Kurzes Schweigen. Hayward überlegte, ob sie versuchen sollte, Druck auf ihn auszuüben, damit er nach Hause kam, erkannte dann aber, dass sie ihm nicht noch eine zusätzliche Last aufbürden wollte.

»Da ist noch etwas«, sagte D’Agosta.

»Was denn?«

»Erinnerst du dich an den Typ, von dem ich dir erzählt habe – Blackletter? Helen Pendergasts früherer Chef bei Doctors With Wings?«

»Was ist mit ihm?«

»Er wurde vorgestern Abend in seinem Haus ermordet. Zwei Schüsse aus kürzester Entfernung, Kaliber zwölf. Hat ihm die Eingeweide aus dem Leib gepustet.«

»Gütiger Himmel.«

»Und das ist noch nicht alles. John Blast, dieser unappetitliche Bursche, mit dem wir in Sarasota gesprochen haben, erinnerst du dich? Der ebenfalls an dem Gemälde interessiert war? Ich hatte angenommen, dass der uns verfolgen lässt.
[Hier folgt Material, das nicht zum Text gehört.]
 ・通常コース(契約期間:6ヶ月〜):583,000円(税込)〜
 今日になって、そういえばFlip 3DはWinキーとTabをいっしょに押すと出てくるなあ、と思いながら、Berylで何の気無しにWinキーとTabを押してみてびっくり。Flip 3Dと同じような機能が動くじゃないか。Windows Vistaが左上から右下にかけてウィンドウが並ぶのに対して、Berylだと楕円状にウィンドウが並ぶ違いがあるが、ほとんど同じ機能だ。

Aber ich hab’s gerade in den Nachrichten gehört – er wurde ebenfalls erschossen, gestern, kurz nachdem wir uns das Gemälde geschnappt hatten. Ebenfalls mit zwei Zwölf-Kaliber-Patronen.«

»Hast du eine Ahnung, was da vorgeht?«

»Als ich von dem Mord an Blackletter hörte, dachte ich, dass Blast dahintersteckt. Aber jetzt ist der auch tot.«

»Typisch Pendergast. Wo er auftaucht, gibt’s Ärger.«

»Moment.« Es gab eine Pause von etwa zwanzig Sekunden, bevor D’Agostas Stimme wieder zu hören war. »Das war Pendergast. Er hat gerade an meine Tür geklopft. Das Bild ist jetzt gereinigt, sagt er, und er will meine Meinung hören. Ich liebe dich, Laura. Ich rufe heute Abend wieder an.«

Dann war die Leitung tot.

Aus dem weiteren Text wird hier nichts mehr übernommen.